26.12.05

Fatos científicos?

"A revista Science proclamou na quinta-feira que a evolução é o fato científico de 2005.
(...)
Outros fatos destacados na lista dos dez mais incluem a exploração planetária, a biologia molecular das flores, o comportamento violento dos nêutrons estelares, a relação entre genética e comportamento humano anormal, o novo campo da cosmoquímica, as novas evidências sobre o aquecimento global, uma abordagem da engenharia à biologia molecular e a supercondutividade."

(Reuters via MSN)

E o que viria a ser um "fato" científico? Do mesmo artigo, destaco ainda o trecho:
"(...) um dos fatores importantes de reconhecimento para a ciência e as idéias científicas é a noção de testabilidade, de que você pode fazer uma experiência, aprender com ela e mudar de idéia."

A Teoria da Evolução é uma teoria científica, assim como a Supercondutividade é outra teoria científica. Mas há uma diferença entre a Supercondutividade e a Teoria da Evolução: na primeira, testes rigorosos podem ser realizados e repetidos em laboratórios. O Efeito Josephson, por exemplo, observado pela primeira vez em 1963, pode ser reproduzido e é um dos "pilares", por assim dizer, da teoria. Já no caso da Teoria da Evolução, a metodologia de pesquisa é diferente. Utilizam-se métodos estatísticos, refinam-se dados, aprimoram-se as observações... todo esse arsenal fortalece a Teoria da Evolução, sem dúvida, mas não elimina o fato (e este sim é um fato!) de que ela se sustenta sobre o conceito matemático de aleatoriedade. Aliás, a Supercondutividade interpretada como um fenômeno quântico também é uma teoria científica construída sobre a aleatoriedade. E aqui aponto, além da diferença que acabo de descrever, uma semelhança interessante entre as duas teorias científicas: a fundamentação de ambas no conceito de aleatoriedade.

Teorias são teorias, teoremas são teoremas e fatos são fatos. Teorias são testáveis, teoremas são demonstráveis (a partir de postulados, axiomas ou outras ferramentas apriorísticas) e fatos são... aceitos pelas pessoas como verdades.

Ao classificar uma teoria científica como um fato, joga-se no lixo a noção de testabilidade e admite-se que a ciência pode produzir verdades definitivas, desvirtuando dessa maneira o próprio caráter da atividade científica.

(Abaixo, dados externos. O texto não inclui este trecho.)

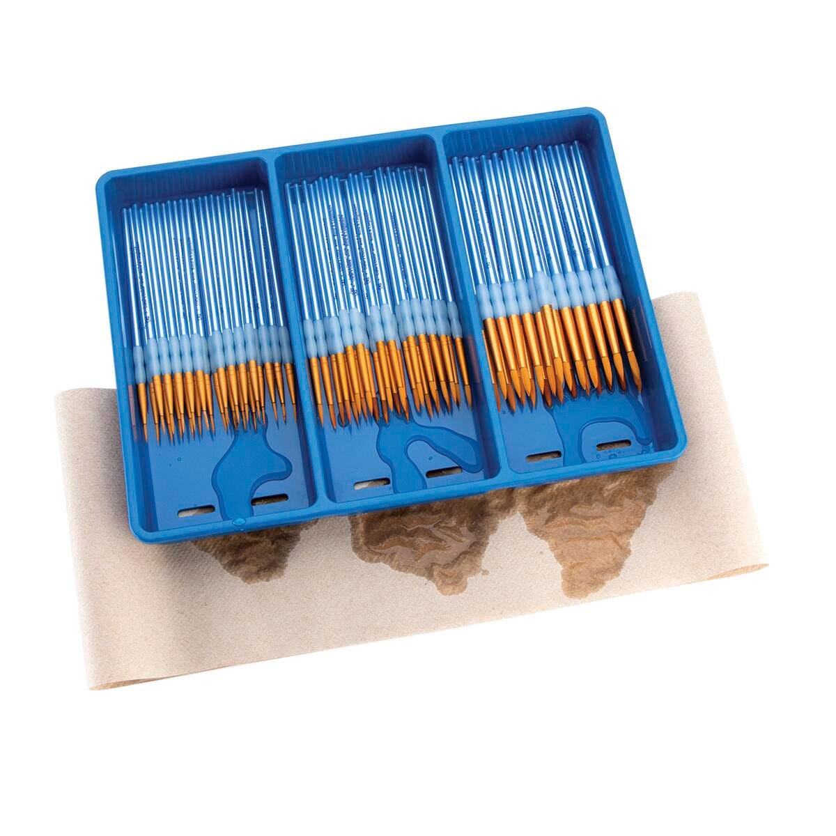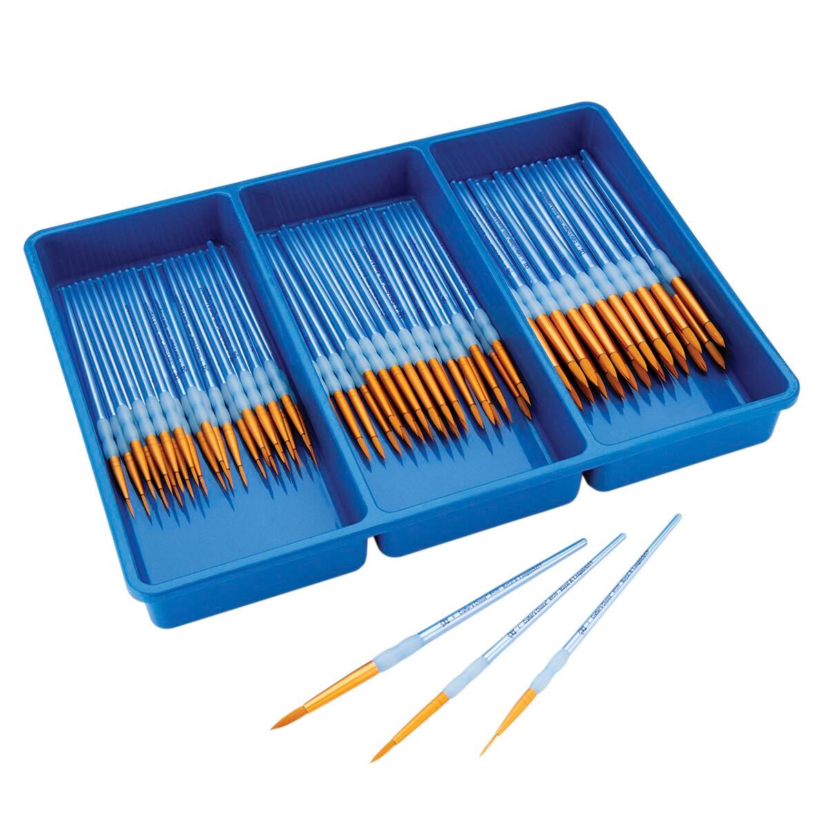 Royal Brush Scholastic Choice Gold Taklon Round Set of 72 includes 24 each 3, 6 as well as 8 rounds. Round brush set is primarily designed for the classroom purpose. Set of brushes are made with polymer handles that won't crack or peel when left in water and have gold taklon hair for long lasting durability. It works well with most water-based products such as watercolor, acrylic, tempera, ceramic finishes and much more.

Ah, sim, mas por que fiz tanta questão de frisar tantas vezes a palavra "aleatoriedade"? Porque é nesse ponto onde as teorias se encontram com os teoremas. A testabilidade, a iteração, a repetição das observações, os números extraídos das experiências realizadas nos laboratórios, enfim, tudo o que confere força estatística, por assim dizer, às teorias científicas que escolhi como exemplos, encontram sua fundamentação em conceitos matemáticos e em proposições que são demonstráveis, mas não testáveis.

Isso não desmerece nem um pouco o caráter científico da Teoria da Evolução e da Supercondutividade. Mas mostra que, quando mergulhamos até os fundamentos, aos limites e às fronteiras das teorias, um pouco mais de critério seria desejável antes de aceitarmos levianamente a classificação de teorias como se fossem fatos, já que o preço a pagar é alto. Existe o risco de, por exemplo, aceitarmos algumas teorias científicas sobre o aquecimento global como verdades absolutas, contribuindo dessa maneira para a politização vulgar da ciência.